Data entries
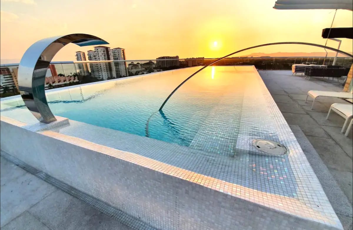 Welcome home to your MODERN 7th FL condo. Your Rooftop infinity pool w/ a BREATH-TAKING VIEW of the sea and cruise ships: simply stunning! Our space offers all the convenient amenities. Rooftop BBQ or gym with a view? You got it! All in a perfect location; only a 12-min walk to the beach, restaurants, bars, groceries, malls, cinema, and hospital. The Malecón, Romantica, and Marina are a quick 10-min drive away! YOUR dream getaway with stunning rooftop views right here in beautiful PV.
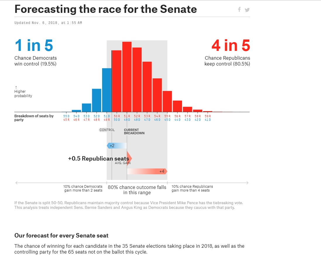 În Senat, care e alcătuit din 100 de aleși (doi pentru fiecare stat), o treime dintre mandate sunt reînnoite la fiecare doi ani, iar anul acesta 35 de locuri sunt în joc. Republicanii au o majoritate strânsă (51-49). Însă harta electorală a camerei superioare este mult mai defavorabilă democraților, întrucât aceștia trebuie să își apere 26 de locuri – iar șase dintre acestea sunt amenințate – față de doar nouă republicanii. Senatorii sunt aleși pentru șase ani și își vor începe de asemenea mandatul la începutul lui ianuarie.
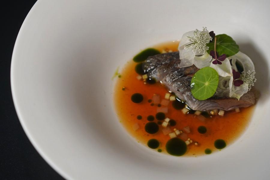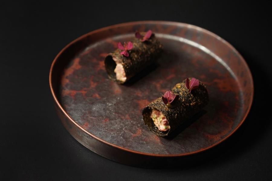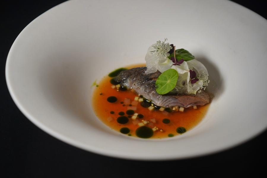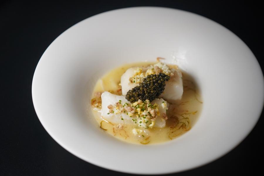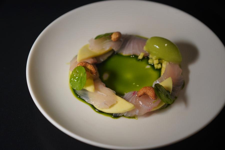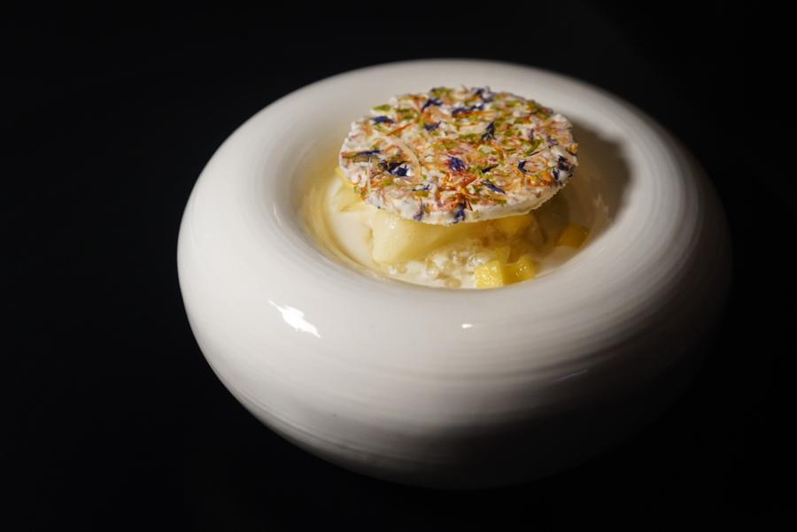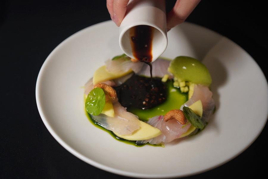 Equally clean in flavor, the Hiramasa & Wasabi (RMB188) offers a pleated, wreath-like arrangement of yellowtail amberjack and green mango. A quenelle of sweet wasabi sorbet provides a nose-tingling cold contrast, while creamy cucumber and coconut tiger’s milk is amped by nasturtium leaf oil. But the real kicker comes in the form of a homemade Chinese “dipping sauce” – a veritable trio of soy sauce, homemade aged vinegar, and chili oi. Clean, cold, and quietly complex, this is one not to be missed.
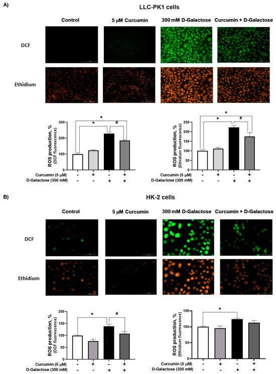 Curcumin decreases reactive oxygen production (ROS) production induced by 24 h exposure to D-galactose in (A) LLC-PK1 and (B) HK-2 cells. Data are shown as mean ± SEM, n = 3. * p < 0.05 vs. control (without curcumin and D-galactose), # p < 0.05 vs. D-galactose. DCF = dichlorofluorescein. Objective: 20×, scale bar: 100 μM.
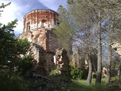 La Casa del Bosque incorpora una estructura de piedra y ladrillo, con una rotonda circular central que destaca entre los muros parcialmente derrumbados.
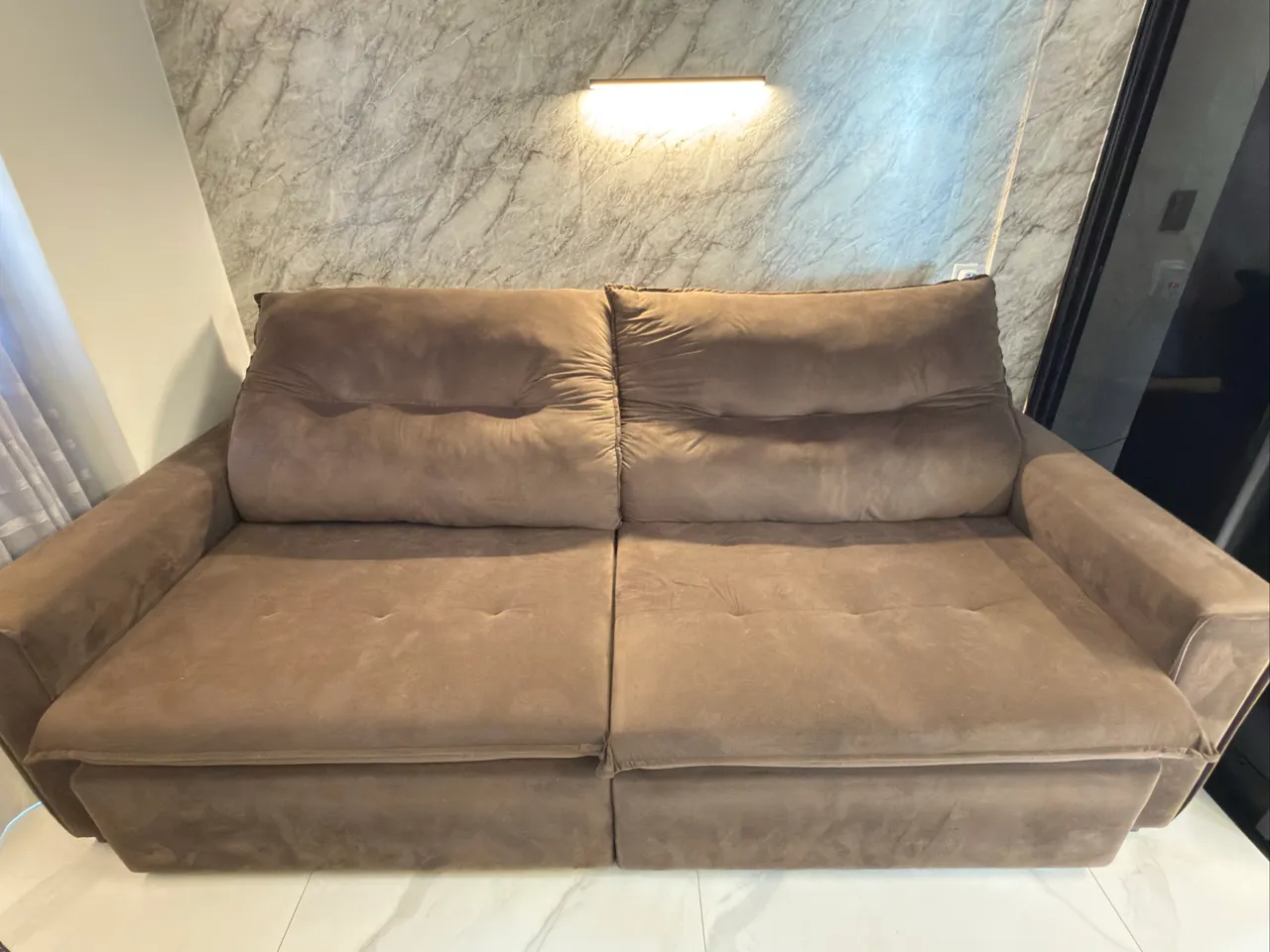 Sofá Ravena retrátil e reclinável de 2 lugares em sued marrom. 2.65 de largura. R$ 1.300. Cabe confortavelmente 4 pessoas .
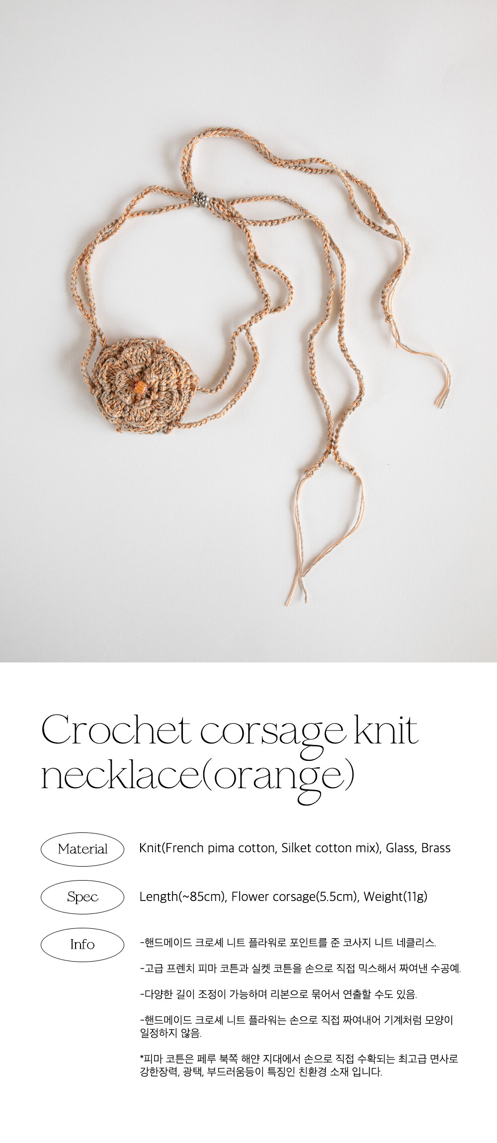 Crochet corsage knit necklace (orange)
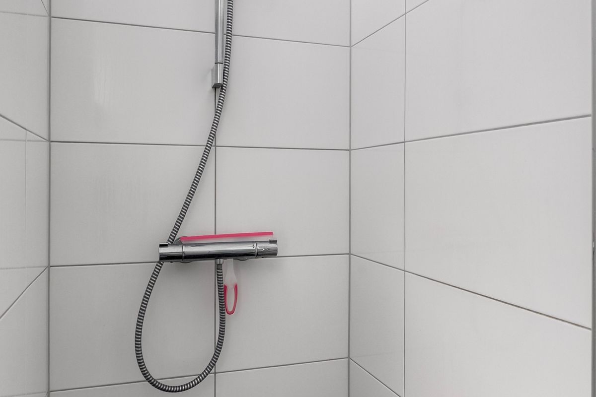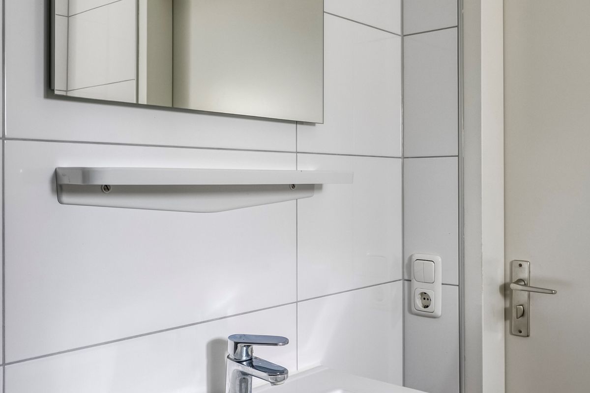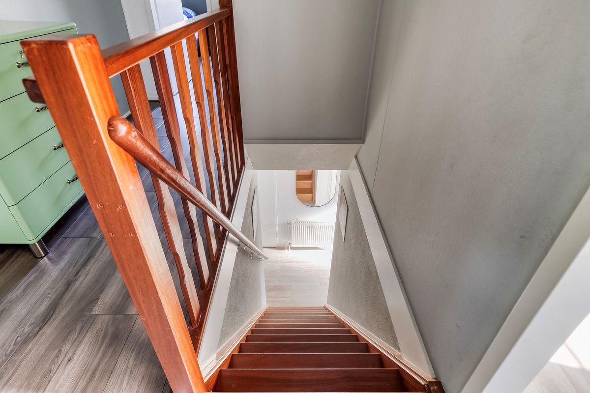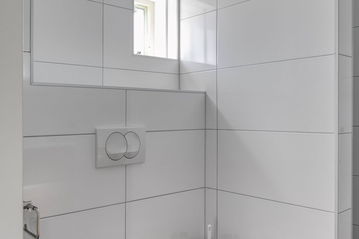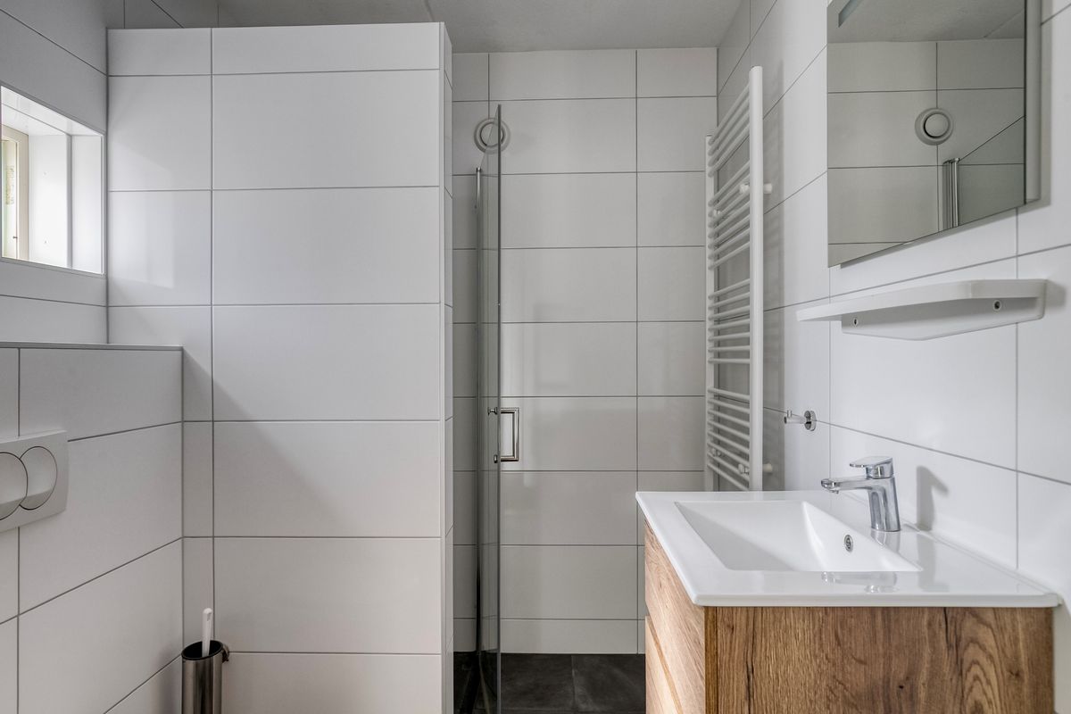 Overloop met bergruimte, 3 slaapkamers en de tweede moderne badkamer voorzien van een toilet, douchehoek en een wastafel.
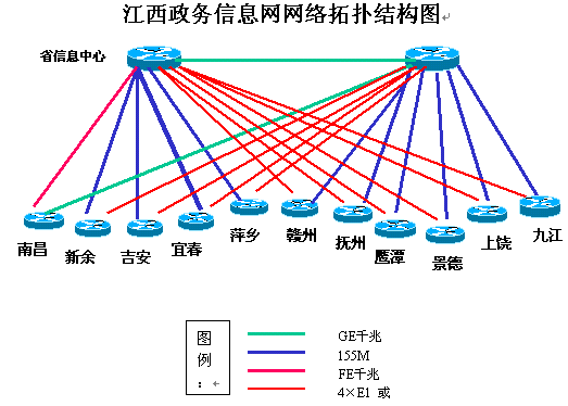 江西省于2002年8月開始實(shí)施省政務(wù)信息網(wǎng)縱向網(wǎng)省市聯(lián)網(wǎng)工程,于2002年12月底實(shí)施完畢。目前,在南昌地區(qū)已建成省級(jí)政務(wù)核心網(wǎng)及政務(wù)專網(wǎng),省委、省政府、省人大、省政協(xié)及一百多個(gè)省直部門,已通過光纜實(shí)現(xiàn)了橫向網(wǎng)絡(luò)互聯(lián)。
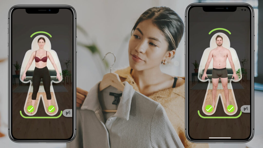 The search for a solution that blends the accuracy of dedicated scanning hardware with universal accessibility, privacy, and usability has driven the explosion of body scanning at home, which many brands and retailers have deployed during COVID (as well as ahead of the pandemic.  From the shopper’s end, this is typically accomplished using hardware they already have – a smartphone – to take several photographs, front and profile, which are then synthesised into a 3D model of the customer using machine learning.
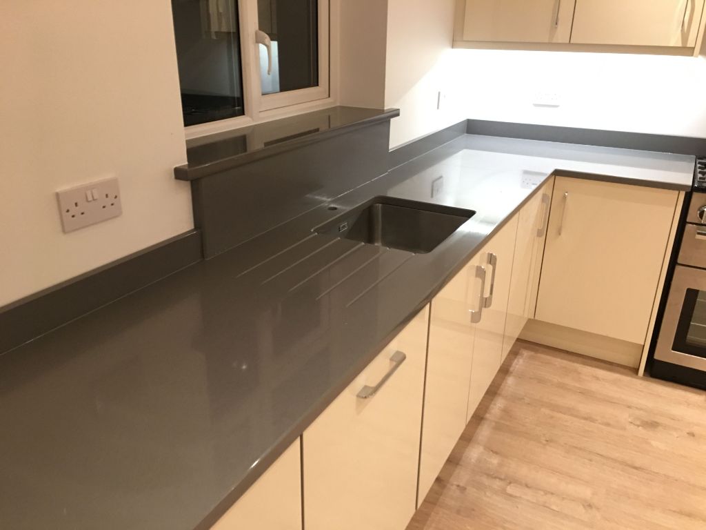Gobi Grey är en urbanistisk grå kvartssort av Technistone som har ljusgråa prickar.
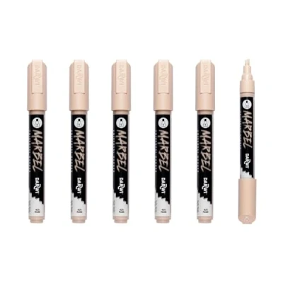 Set of 6 MARBEL universal markers with nude acrylic paint The medium 6mm chisel tip is ideal for creating slanted lines, shadows and curves, as well as effects with variations in thickness. Colour: NUDE. Available in 18 classic colours. Multi-purpose: Available with 6 different nibs, it adapts to all creative needs: writing, drawing, calligraphy, tracing outlines, creating street lettering, filling in flat areas, on small or large formats. Instructions for use: Shake the marker until you hear the ball mixing the paint, remove the cap, pump the tip until ink comes out - close after use and store horizontally - replacement tips for each model Multi-surface: Marbel paint can be applied to paper, wood, metal, fabric, glass, etc. Permanent on most surfaces, it offers a matt, opaque finish, dries quickly and is lightfast.
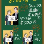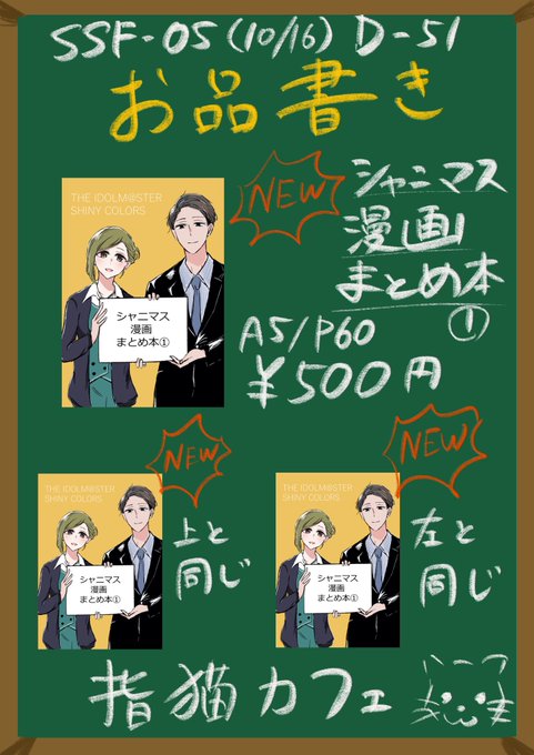 56 193 #SSF05 でもしかしたら出るかもしれない本の表紙など 「シャニマスまとめ本①」60p 500円 このどう見てもPはづ本にしか見えないのが表紙、 最後の2枚はネットに上げてない2Pの一部です Pが照れたり、天井努が打ちひしがれたりする予定です 安いよ安いよ 22/10/10 20:34
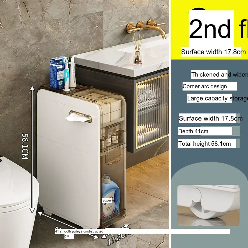 This storage rack is not just about looks; it’s incredibly functional. With a variety of storage compartments, you can easily organize cleaning supplies, toiletries, or any other bathroom necessities. The side opening design makes it easy to retrieve your items without hassle, ensuring convenience during your daily routines. High bottles of laundry detergent, extra toilet papers, or your skincare essentials — all can be neatly housed within easy reach.
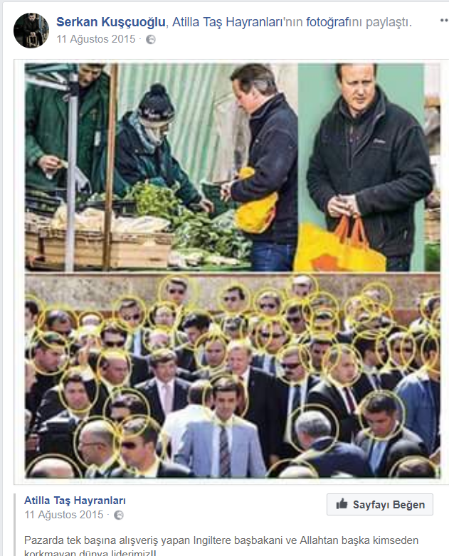 Tarih 11 Agustos 2015. İngiltere Başbakanı İle Cumhurbaşkanı Recep Tayyip Erdoğan arasında kıyaslama yapılan adeta İngilizi yüceltip kendi Reisini hafife alacak paylaşım. Bu paykaşımı yapan Kişi ise Ak partinin delegesi.
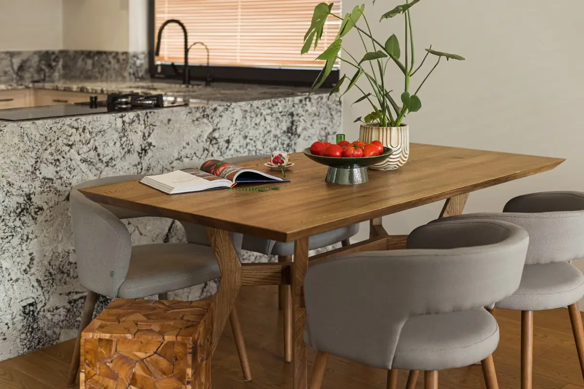 Wyspa, stół w kuchni z płytek wielkoformatowych – top projekty!
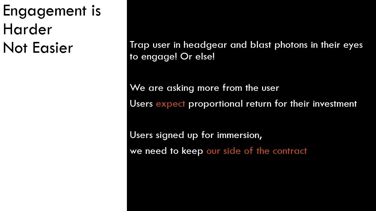 Like tv vs. movie vs. netflix reality junk show. VR is high on that spectrum of how much attention and focus the user has to give us.
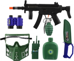 Pregătiți-vă pentru aventură cu acest set militar, care include o pușcă mitralieră din plastic și accesorii tematice, ideale pentru dezvoltarea imaginației și jocului activ.
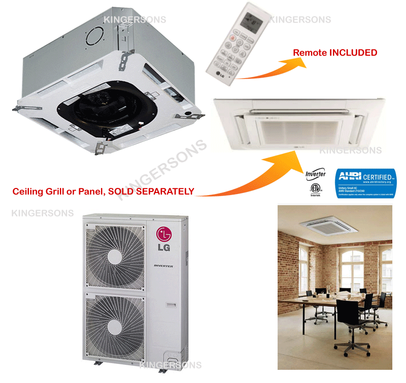LG Electronics' products have led the global air conditioner market with excellent performance and innovative design. The Ceiling Cassette LG models are ideal for light commercial applications and work well in large, open spaces. These are high performance air conditioners with a high SEER inverter and excellent design. - Ceiling grill required for installation - Sold Separately. Model# PT-UMC1 CLICK here
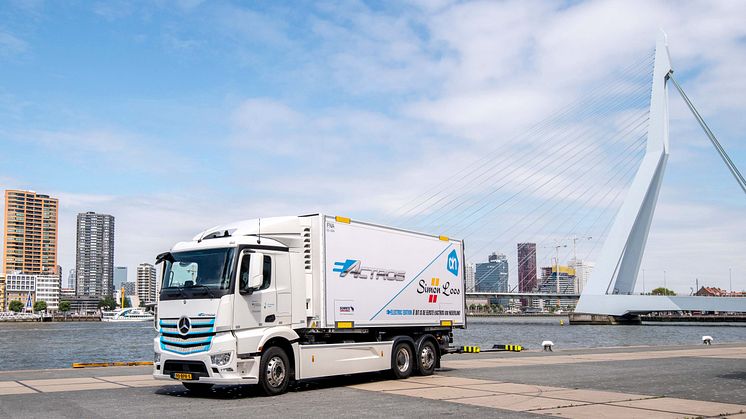Först ut var Simon Loos som kör en eActros med avställbart kylskåp i Haag sedan början av augusti. Bilen går ca 20 mil om dagen, och både lastbil och kylaggregat är helt eldrivna. Det betyder att om den laddas med grön el så körs den helt CO2-nutralt.
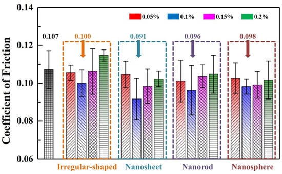 Friction coefficient of Al2O3 additives with different shapes at different concentrations.
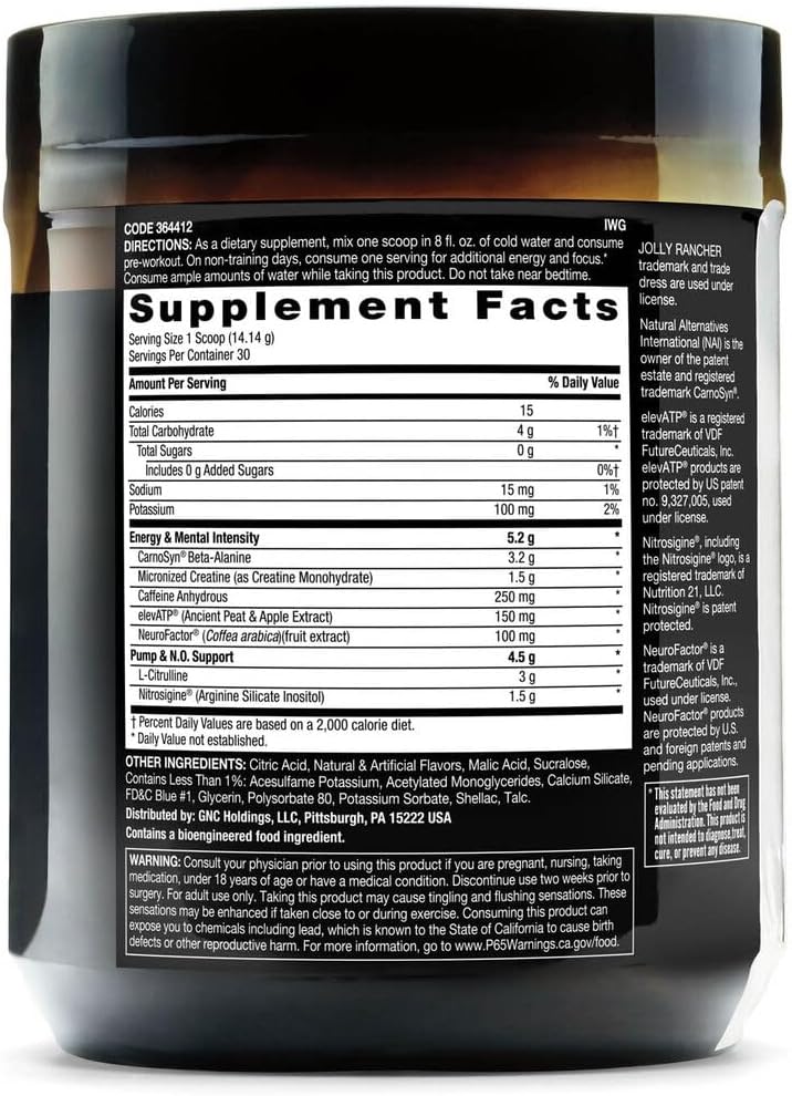 PEAK PERFORMANCE: Contains 1.5g of Nitrosigine, 3g of L-Citrulline, 3g of CarnoSyn Beta-Alanine and 250mg of caffeine per serving to support nitric oxide production, energy, and mental intensity

**TO DO**
Out of the records above, return only the lines from the one with "La Casa del" through the one with "Gobi Grey är", exactly, and none of the pictures.

**EXERCISE RESPONSE**
 La Casa del Bosque incorpora una estructura de piedra y ladrillo, con una rotonda circular central que destaca entre los muros parcialmente derrumbados.
 Sofá Ravena retrátil e reclinável de 2 lugares em sued marrom. 2.65 de largura. R$ 1.300. Cabe confortavelmente 4 pessoas .
 Crochet corsage knit necklace (orange)
 Overloop met bergruimte, 3 slaapkamers en de tweede moderne badkamer voorzien van een toilet, douchehoek en een wastafel.
 江西省于2002年8月開始實(shí)施省政務(wù)信息網(wǎng)縱向網(wǎng)省市聯(lián)網(wǎng)工程,于2002年12月底實(shí)施完畢。目前,在南昌地區(qū)已建成省級(jí)政務(wù)核心網(wǎng)及政務(wù)專網(wǎng),省委、省政府、省人大、省政協(xié)及一百多個(gè)省直部門,已通過光纜實(shí)現(xiàn)了橫向網(wǎng)絡(luò)互聯(lián)。
 The search for a solution that blends the accuracy of dedicated scanning hardware with universal accessibility, privacy, and usability has driven the explosion of body scanning at home, which many brands and retailers have deployed during COVID (as well as ahead of the pandemic.  From the shopper’s end, this is typically accomplished using hardware they already have – a smartphone – to take several photographs, front and profile, which are then synthesised into a 3D model of the customer using machine learning.
Gobi Grey är en urbanistisk grå kvartssort av Technistone som har ljusgråa prickar.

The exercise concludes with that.